EXERCISE MATERIALS |
--------
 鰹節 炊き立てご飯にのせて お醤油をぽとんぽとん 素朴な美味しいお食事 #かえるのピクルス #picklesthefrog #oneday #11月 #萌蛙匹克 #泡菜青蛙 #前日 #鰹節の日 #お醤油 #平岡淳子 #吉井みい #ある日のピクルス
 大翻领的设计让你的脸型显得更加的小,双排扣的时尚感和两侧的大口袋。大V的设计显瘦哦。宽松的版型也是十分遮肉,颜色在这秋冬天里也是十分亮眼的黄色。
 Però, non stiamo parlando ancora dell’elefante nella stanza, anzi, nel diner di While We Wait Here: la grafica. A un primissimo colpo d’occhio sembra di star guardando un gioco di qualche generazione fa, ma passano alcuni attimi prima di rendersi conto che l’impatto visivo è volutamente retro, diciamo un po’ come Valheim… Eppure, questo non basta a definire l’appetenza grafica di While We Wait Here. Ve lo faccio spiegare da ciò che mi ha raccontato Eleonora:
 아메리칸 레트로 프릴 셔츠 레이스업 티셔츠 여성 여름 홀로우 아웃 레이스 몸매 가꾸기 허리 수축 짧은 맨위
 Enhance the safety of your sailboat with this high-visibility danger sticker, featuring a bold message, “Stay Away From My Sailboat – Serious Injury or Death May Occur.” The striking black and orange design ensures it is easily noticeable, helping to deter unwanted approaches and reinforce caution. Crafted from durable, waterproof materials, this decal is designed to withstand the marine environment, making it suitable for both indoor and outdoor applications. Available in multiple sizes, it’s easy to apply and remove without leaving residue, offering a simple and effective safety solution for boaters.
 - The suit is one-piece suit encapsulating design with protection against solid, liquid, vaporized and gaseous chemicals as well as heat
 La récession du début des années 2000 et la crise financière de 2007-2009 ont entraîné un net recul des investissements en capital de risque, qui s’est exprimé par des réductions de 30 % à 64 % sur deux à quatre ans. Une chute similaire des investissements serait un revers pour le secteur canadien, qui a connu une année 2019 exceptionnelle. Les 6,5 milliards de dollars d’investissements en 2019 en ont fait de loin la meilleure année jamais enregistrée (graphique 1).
--------
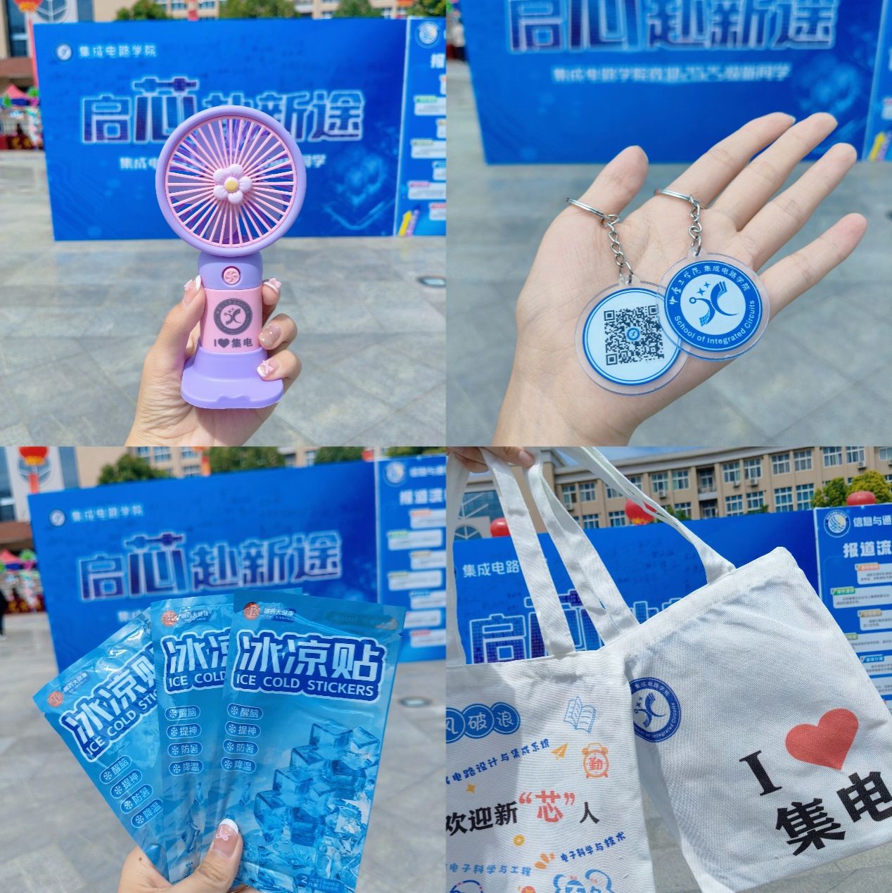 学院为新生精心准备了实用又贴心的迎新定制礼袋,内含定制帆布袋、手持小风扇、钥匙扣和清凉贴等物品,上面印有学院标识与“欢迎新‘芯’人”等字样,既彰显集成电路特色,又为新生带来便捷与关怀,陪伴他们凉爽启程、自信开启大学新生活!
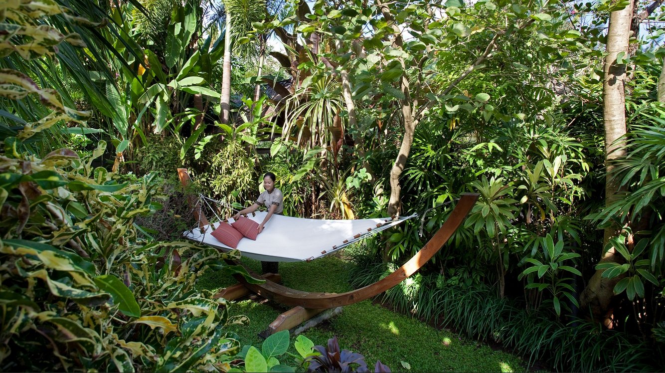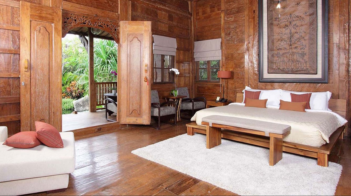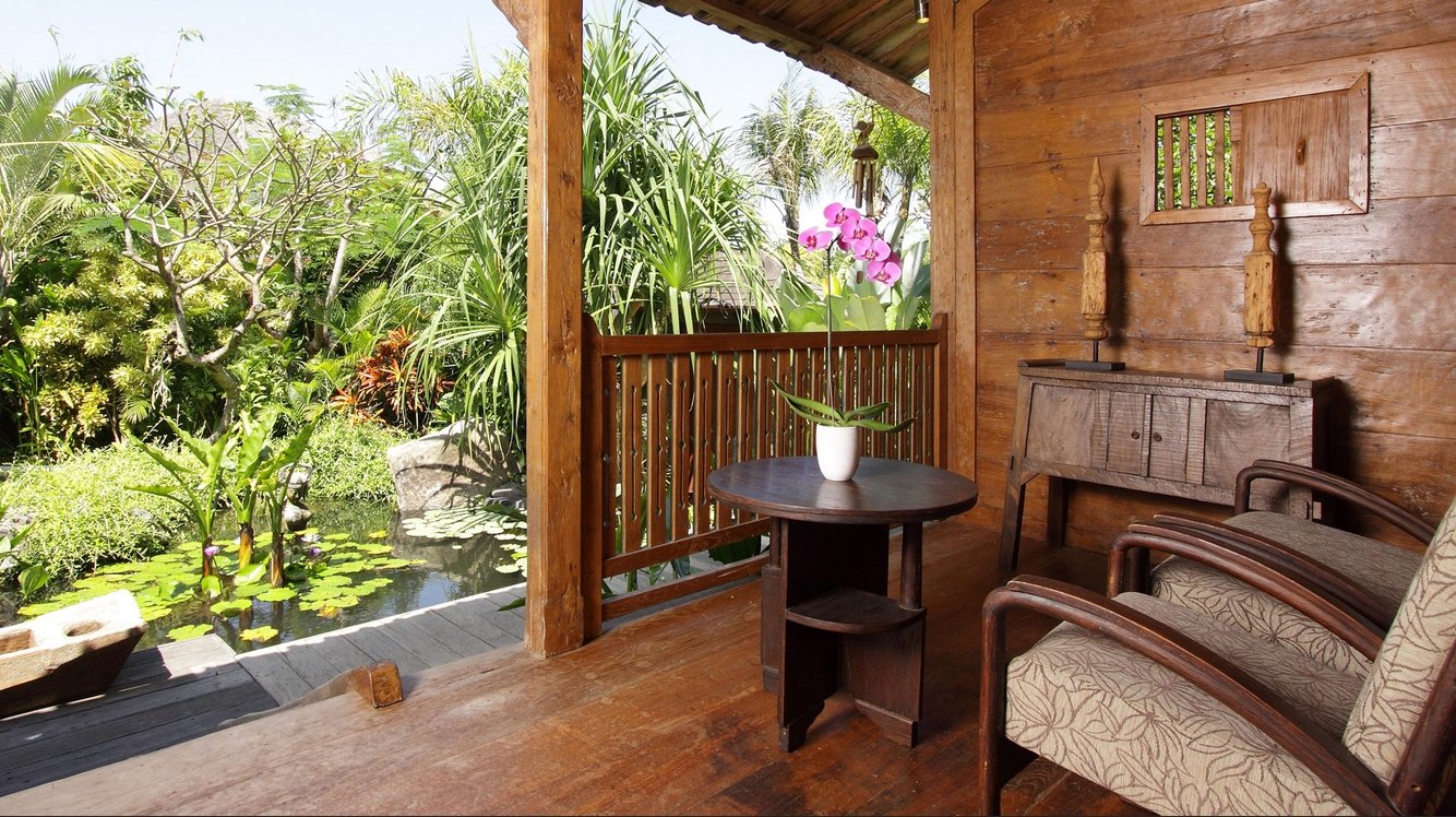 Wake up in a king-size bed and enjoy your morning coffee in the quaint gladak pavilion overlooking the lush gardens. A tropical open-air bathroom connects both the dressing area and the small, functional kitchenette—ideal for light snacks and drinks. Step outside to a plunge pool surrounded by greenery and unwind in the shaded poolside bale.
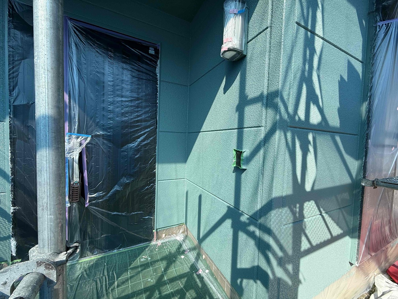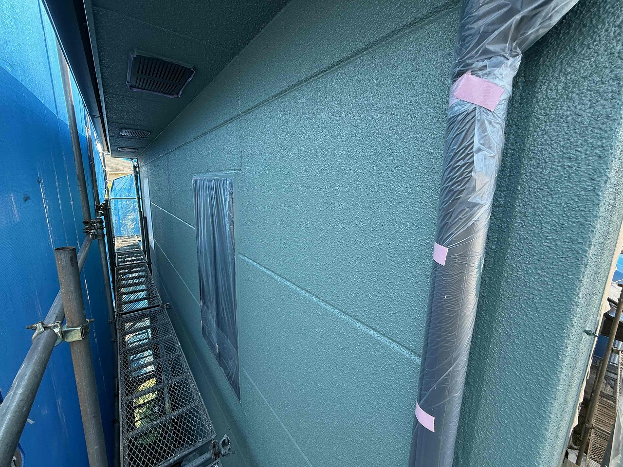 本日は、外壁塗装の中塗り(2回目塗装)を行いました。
--------
ASSIGNMENT | When a line in the listing above holds the word "with", copy it.

EXERCISE RESULT |
 Enhance the safety of your sailboat with this high-visibility danger sticker, featuring a bold message, “Stay Away From My Sailboat – Serious Injury or Death May Occur.” The striking black and orange design ensures it is easily noticeable, helping to deter unwanted approaches and reinforce caution. Crafted from durable, waterproof materials, this decal is designed to withstand the marine environment, making it suitable for both indoor and outdoor applications. Available in multiple sizes, it’s easy to apply and remove without leaving residue, offering a simple and effective safety solution for boaters.
 - The suit is one-piece suit encapsulating design with protection against solid, liquid, vaporized and gaseous chemicals as well as heat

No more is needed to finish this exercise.